The Background Intelligent Transfer Service (BITS) powers a great deal of the updating functionality for Windows. Using this vulnerability, a malicious user who already has access to the system could elevate their permissions to control the entire local computer.

Net logon allows for authentication of users and computers that are members of Microsoft’s Active Directory Domain structure. Exploiting the vulnerability could allow someone to impersonate a Domain Controller and potentially acquire Domain Administrator privileges.

The 2020 Exchange vulnerability is caused by an Exchange Control Panel web app issue in Exchange 2019. The problem revolves around cryptographic keys, specifically that it doesn’t make a new key at install time. If a malicious user has access to the default keys, they can cause Exchange to decrypt their data. This can create a Remote Code Execution as SYSTEM- the highest permission level on the server.

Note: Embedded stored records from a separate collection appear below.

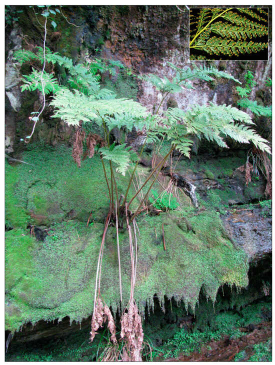 - Laínz, M. Culcita C. Presl. In Flora Iberica; Castroviejo, S., Laínz, M., López González, G., Montserrat, P., Muñoz Garmendia, F., Paiva, J., Villar, L., Eds.; Real Jardín Botánico, C.S.I.C.: Madrid, Spain, 1986; Volume 1, pp. 75–76. [Google Scholar]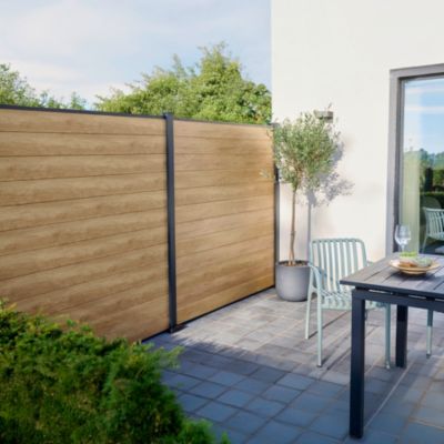 Lame de clôture pour pose emboitée en aluminium décor chêne Neva Klikstrom, L.179,8cm x H.15,7 cm x Ep.2,1 cm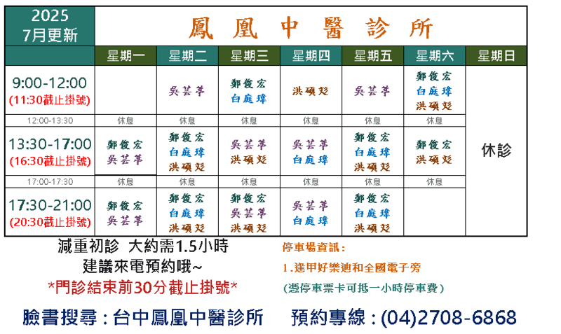 鳳凰中醫診所 -台中減重門診/台中減肥推薦/婦科/腸胃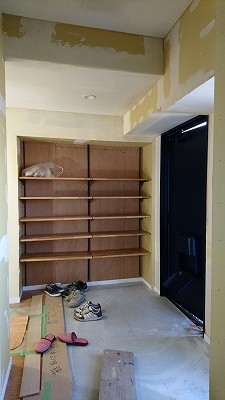 さて、現在着工中のお宅ですが、玄関土間を広く取り、アウトドア用品もたくさん収て頂けるよう棚もたくさん取付け予定です。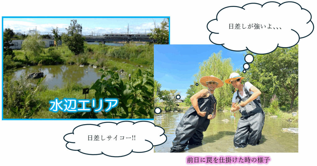 水辺エリアでは、たくさん捕れることを願いながら前日に罠を仕掛けました。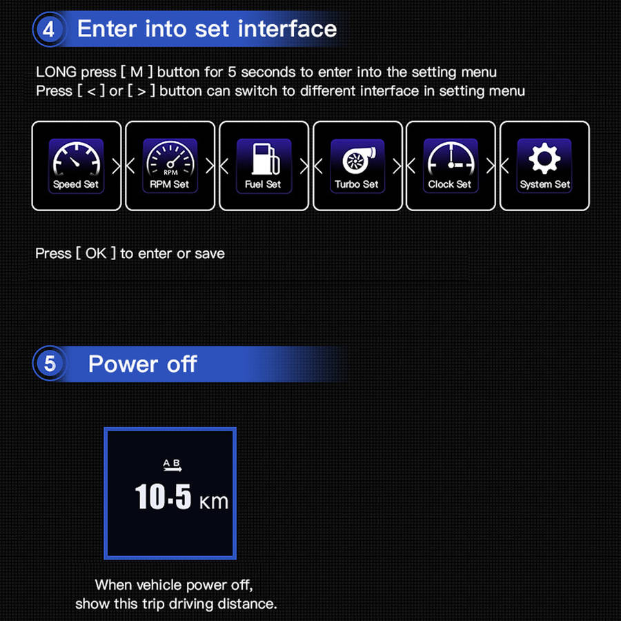 Package: 1 * Smart Guage 1 * OBD Connecting Cable 1 * Operating Instructions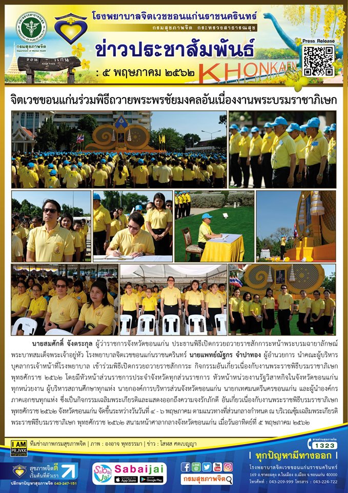 นายสมศักดิ์ จังตระกุล ผู้ว่าราชการจังหวัดขอนแก่น ประธานพิธีเปิดกรวยถวายราชสักการะหน้าพระบรมฉายาลักษณ์พระบาทสมเด็จพระเจ้าอยู่หัว โรงพยาบาลจิตเวชขอนแก่นราชนครินทร์ นายแพทย์ณัฐกร จำปาทอง ผู้อำนวยการ นำคณะผู้บริหาร บุคลากรเจ้าหน้าที่โรงพยาบาล เข้าร่วมพิธีเปิดกรวยถวายราชสักการะ กิจกรรมอันเกี่ยวเนื่องกับงานพระราชพิธีบรมราชาภิเษก พุทธศักราช ๒๕๖๒ โดยมีหัวหน้าส่วนราชการประจำจังหวัดทุกส่วนราชการ หัวหน้าหน่วยงานรัฐวิสาหกิจในจังหวัดขอนแก่นทุกหน่วยงาน ผู้บริหารสถานศึกษาทุกแห่ง นายกองค์การบริหารส่วนจังหวัดขอนแก่น นายกเทศมนตรีนครขอนแก่น และผู้นำองค์กรภาคเอกชนทุกแห่ง ซึ่งเป็นกิจกรรมเฉลิมพระเกียรติและแสดงออกถึงความจงรักภักดี อันเกี่ยวเนื่องกับงานพระราชพิธีบรมราชาภิเษก พุทธศักราช ๒๕๖๒ จังหวัดขอนแก่น จัดขึ้นระหว่างวันวันที่ ๔ - ๖ พฤษภาคม ตามแนวทางที่ส่วนกลางกำหนด ณ บริเวณซุ้มเฉลิมพระเกียรติพระราชพิธีบรมราชาภิเษก พุทธศักราช ๒๕๖๒ สนามหน้าศาลากลางจังหวัดขอนแก่น เมื่อวันอาทิตย์ที่ ๕ พฤษภาคม ๒๕๖๒

The 2021 Exchange vulnerabilities, on the other hand, are part of an attack chain. First, it would gain access to an Exchange Server either with stolen passwords or by using the previously undiscovered vulnerabilities to disguise itself as someone who would have access. Second, it would create what’s called a web shell to control the compromised server remotely. Third, it would use that remote access- run from the U.S.-based private servers to steal data from an organization’s network.

MobileIron

MobileIron provides many services dealing with Mobile Management. Researchers  discovered a vulnerability in the MobileIron Core product that could allow a malicious user to execute their code without authentication. After confirming the vulnerability, MobileIron expanded its review and discovered several other products that also had this issue.

Pulse Secure

Pulse Secure’s Connect Secure is a form of SSL VPN, as we’ve seen multiple times already on this list. The 2019 vulnerability could allow an unauthenticated user to read files traveling across the VPN, gain access to plain text credentials, and execute commands on clients as they connect to the VPN server. 2021 vulnerabilities potentially allow for unauthenticated users to run their code on the VPN Gateway itself with root-level access.

 Telerik

Telerik’s UI for ASP.NET AJAX allows for the rapid creation and deployment of web forms. This vulnerability is similar in concept to the Exchange decryption vulnerability. If the malicious user can access the encryption keys, either through another vulnerability or via other means, they can run their code on the server.

 VMWare

VMWare allows for the running of Virtual Machines on top of Host Operating Systems, with vSphere being their primary management interface. The first vulnerability is due to input validation not being present on a plugin enabled by default. Because of this, a user can run their code on the Host OS.  The second vulnerability also deals with plugins, but differently it would allow the user to perform whatever actions the affected plugins could normally do, but without authentication.